We had an ant problem last summer. We got the little "Terro" bait stations. They seemed to work well and it was safe to use around the dogs. We didn't want to use any sprays or anything because we have animals as well. Terro was the first we tried and it worked within a week or so. It takes some time because the ants would have to bring it back to the colony and spread it to the others. The way it worked was by stopping their digestive tracts. I'm not really sure what else to try, you've said you used the bait traps, what brand?


----------



## Shadowgamer21 (Jun 20, 2011)

I've never had this problem but maybe depending on what you keep your feeders in, line the outside with flypaper. The way ants find things is with their scouts, if their scouts never return to report they found food, then in theory your feeders should never get swarmed.

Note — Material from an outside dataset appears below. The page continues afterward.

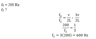 Frekuensi nada dasar yang dihasilkan oleh sebuah dawai adalah 200 Hz. Maka nada atas kedua yang dihasilkan mempunyai frekuensi sebesar .…
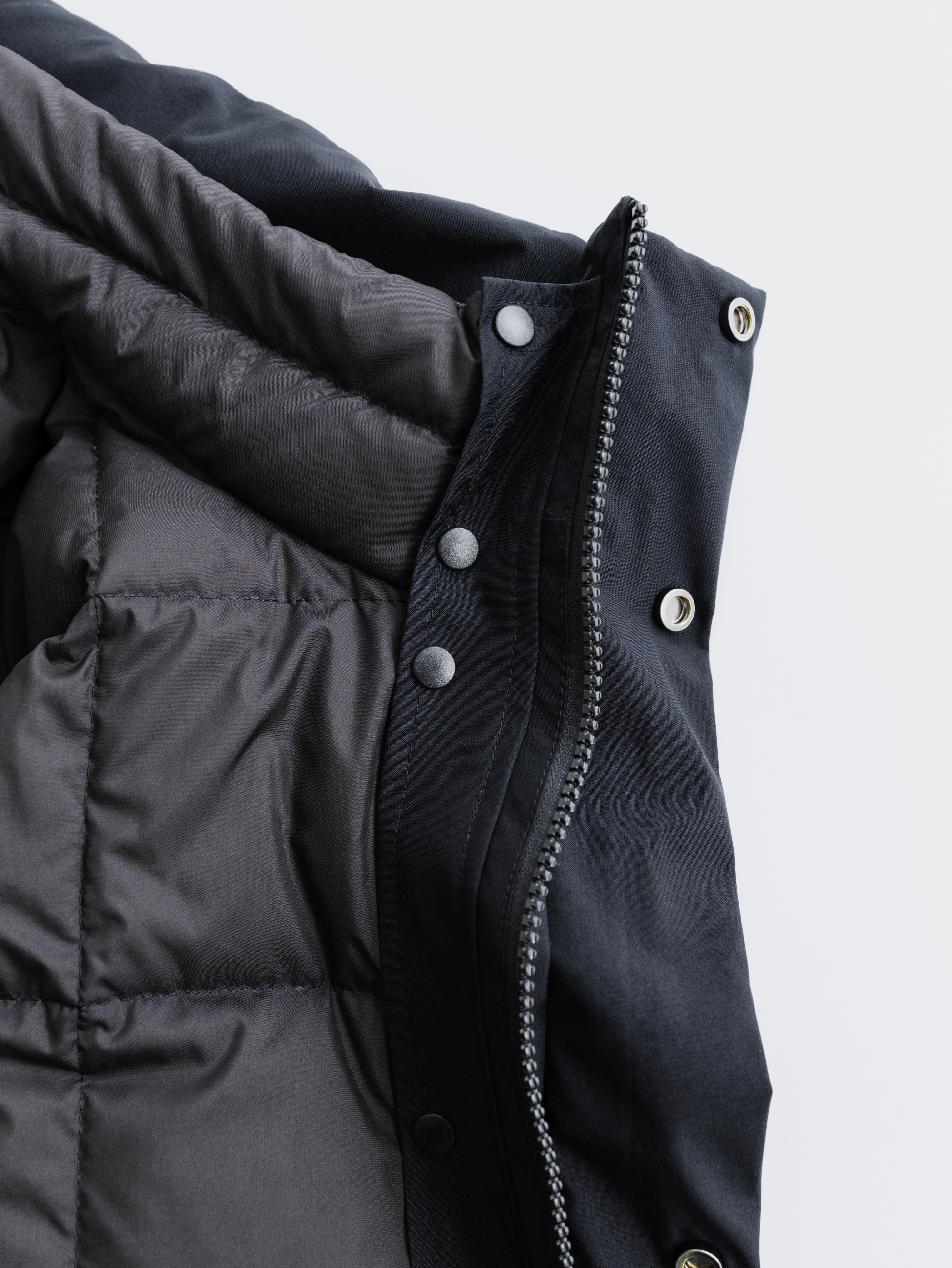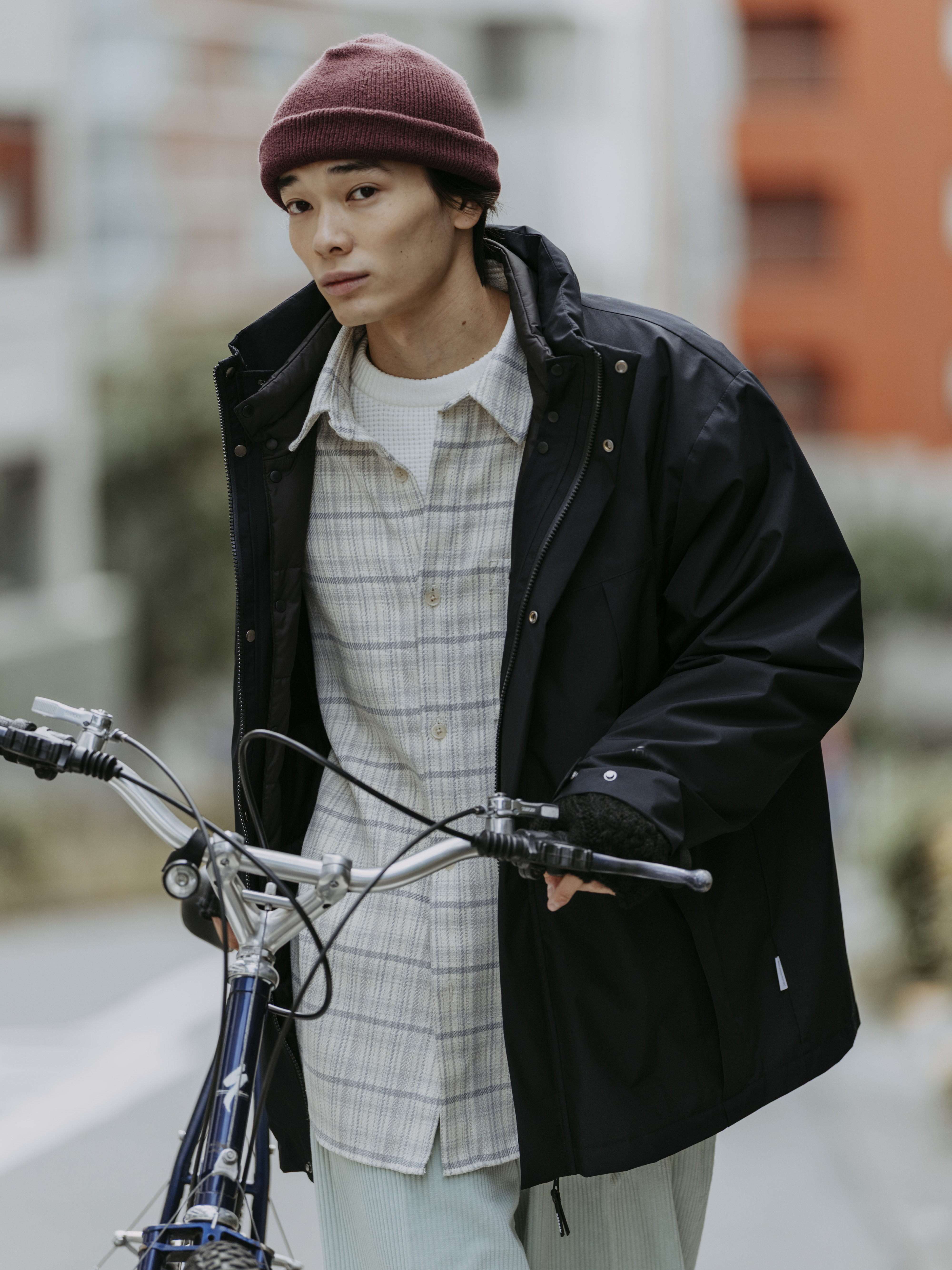 インナーダウンをセットすると、アウトドアブランドのダウンらしいボリューム感と、ブラックのカラーリングがもたらす都会的なムードが同居。

Doesn't even have to be fly paper, something super sticky or kills them in some way.


----------



## Kebechet (Jun 20, 2011)

Ants don't get along well with cinnamon. line the outsides of your enclosures with cinnamon, and see if it helps. It burns the ants if they step in it. If you're feeling particularly vindictive, pour cinnamon on some of them. Eventually they may get back to the nest and warn the others to stay away.


----------



## Rhetoric (Jun 20, 2011)

Ooo yeah I also remember trying dish soap and water, something about regular dish soap that kills them almost on the spot.. But I didn't want to sit there with a spray bottle all day.


----------



## brutus13 (Jun 20, 2011)

Yes I know work with Lloyds pest control!! I remove all my animals for 8 hours then I scrub down my cages and ibnrver worry about bugs!!


----------



## turtlepunk (Jun 21, 2011)

THANK YOU EVERYONE FOR YOUR INPUT!! I REALLY APPRECIATE IT!
im going to try everything mentioned!
@ ALEXI: i Used raid ant baits. the ants aren't attracted to it at all! I will definitely try terro. for now ill sprinkle cinnamon and lay down some fly paper!


----------